## WHAT THIS TASK INVOLVES
Among the entries that follow, locate the line with "Die Haken werden" and the line with "Lulu Loraine (Hankins)". Output those lines and all lines in between, exactly, minus the pictures.
── GIVEN DATA ──
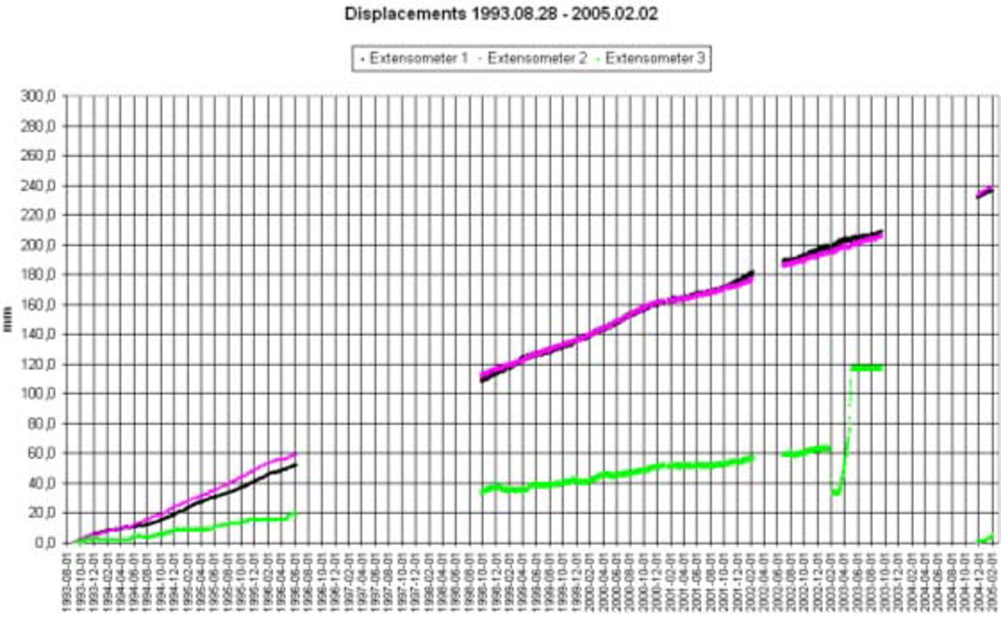The project will use existing monitoring data, e.g., from the Åknes site in Møre & Romsdal, where automatic extensometers have been operating for more than 10 years. Several new monitoring systems will be installed at this site during the next 2 years, and these data will be an essential part of these studies.
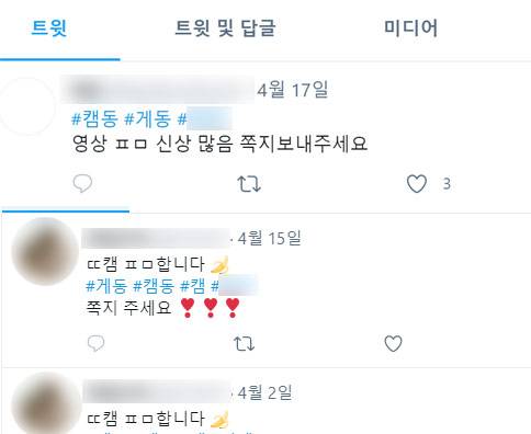 트위터를 수소문하니 "남성의 음란행위 영상을 판매한다, 원한다면 쪽지를 보내달라"는 계정이 여럿 발견됐습니다.
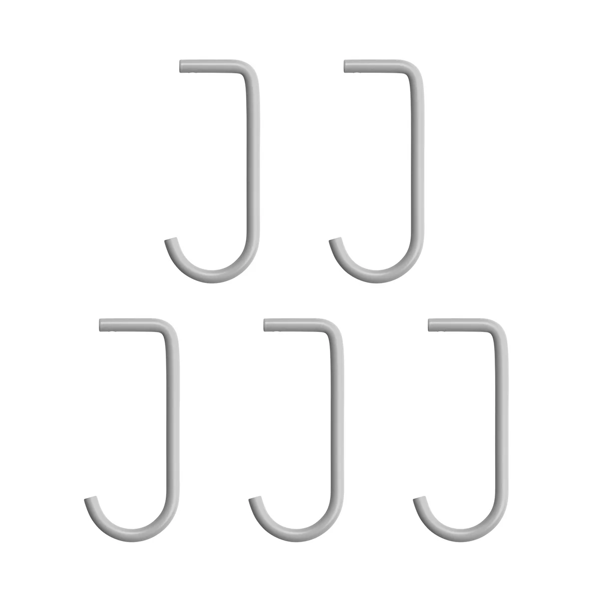 Die Haken werden einfach in das perforierte Metall der Böden eingehängt und können vom Handtuch bis zum Topf so gut wie alles halten. Sie werden aus Metall hergestellt, sind in verschiedenen Farben erhältlich und kommen im 5er-Set. Auch als praktische S-Haken verfügbar.
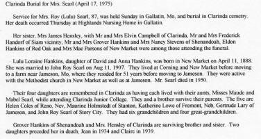 Lulu Loraine (Hankins) Searl died April 17, 1975, at Highlands Nursing Home, Gallatin, Daviess Co., MO, at age 87. Buried in Clarinda Cemetery, Clarinda, Nodaway Twp., Page Co., IA.
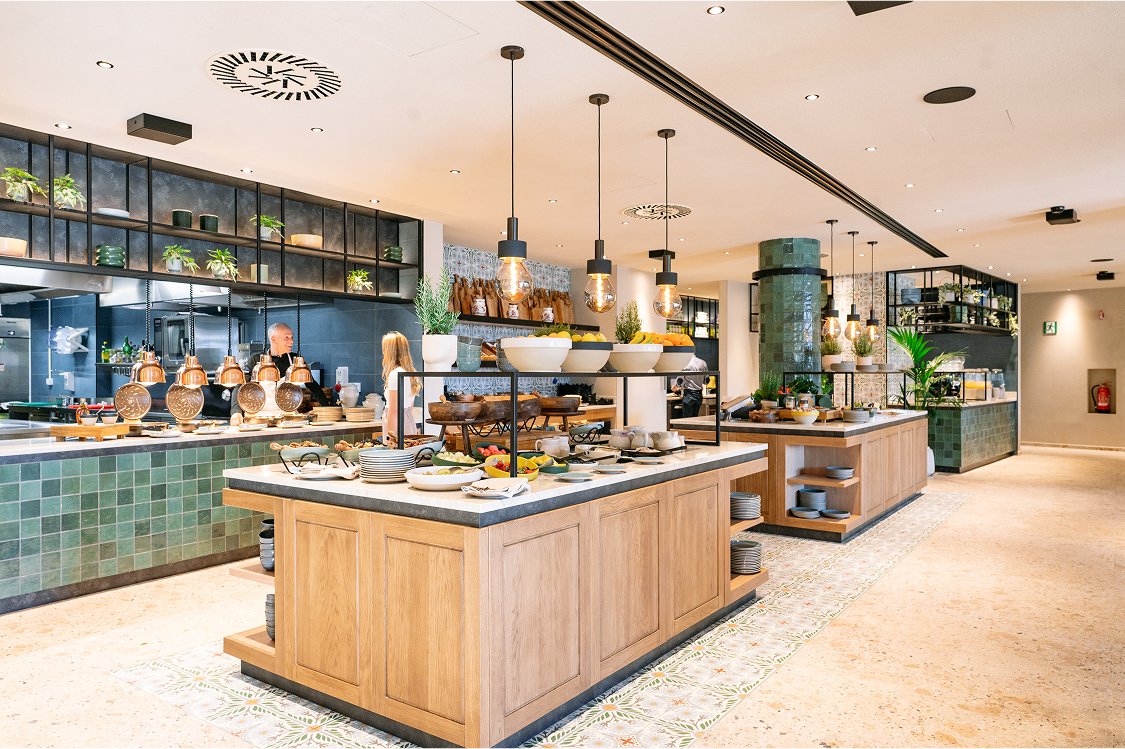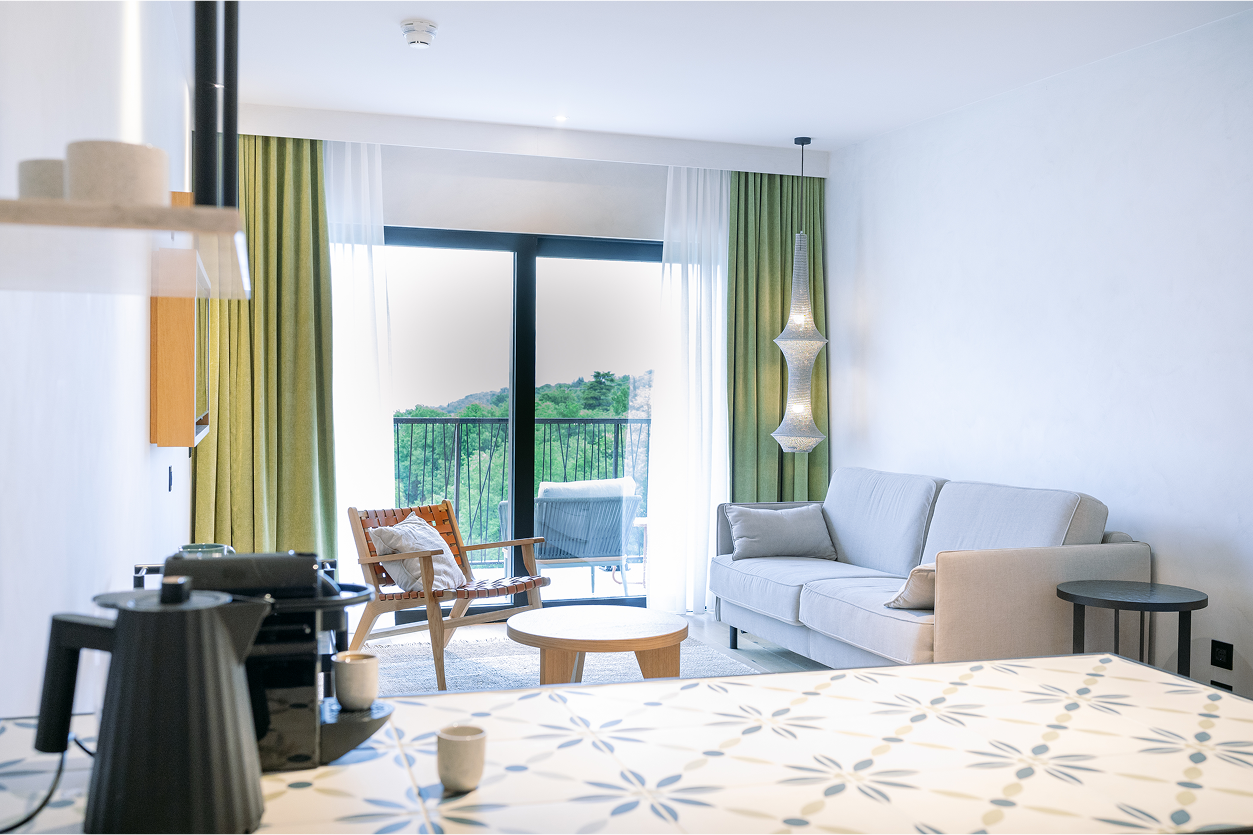 In den stark beanspruchten Gemeinschaftsbereichen ‒ wie in der Lobby, Weinbar und dem herrlichen Spa ‒ wurde Fragmenta Full Body3 in der Farbe Arlecchino verwendet. Die grafische Struktur dieses Materials erinnert an die Schönheit natürlicher Gesteinsaggregate auf sandfarbenem Grund und garantiert außergewöhnliche Beständigkeit sowie eine dauerhaft unveränderte Ästhetik.
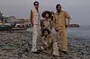 Designerne Cephas Mensah, Akua Ofosu, Okoko Traore og Nabecca Boatemaa (sittende foran) fra The Revival på stranden i Jamestown i Ghana.
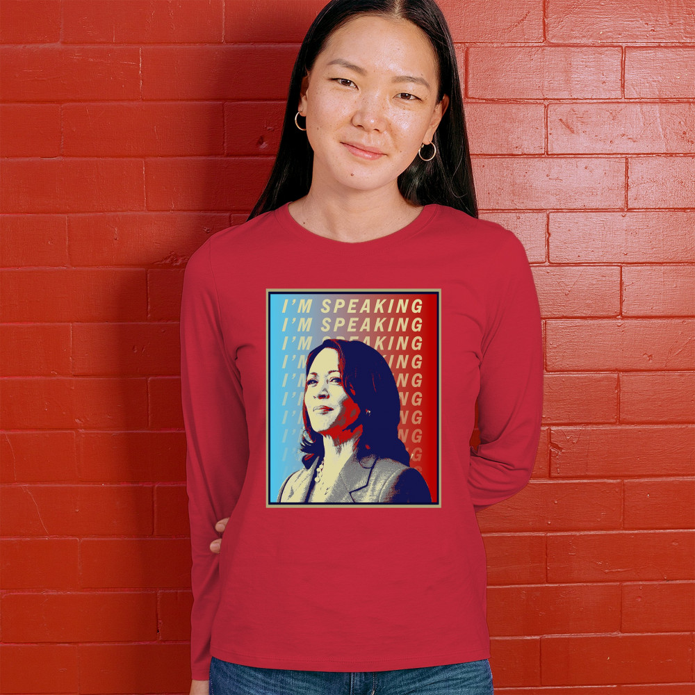 Support Kamala Harris with this bold and inspiring design. "I'M SPEAKING" echoes her powerful voice in the political arena, making it perfect for anti-Trump supporters, liberals, and Democrats. Crafted from durable materials, this design is comfortable for any event, from rallies to casual outings. Celebrate diversity and the historic candidacy of the potential first female president, resonating with black Americans, Hispanic Americans, LGBTQ supporters, and other minorities. Make a statement of hope and progress with this unique design.
───
## FINISHED EXERCISE
 Die Haken werden einfach in das perforierte Metall der Böden eingehängt und können vom Handtuch bis zum Topf so gut wie alles halten. Sie werden aus Metall hergestellt, sind in verschiedenen Farben erhältlich und kommen im 5er-Set. Auch als praktische S-Haken verfügbar.
 Lulu Loraine (Hankins) Searl died April 17, 1975, at Highlands Nursing Home, Gallatin, Daviess Co., MO, at age 87. Buried in Clarinda Cemetery, Clarinda, Nodaway Twp., Page Co., IA.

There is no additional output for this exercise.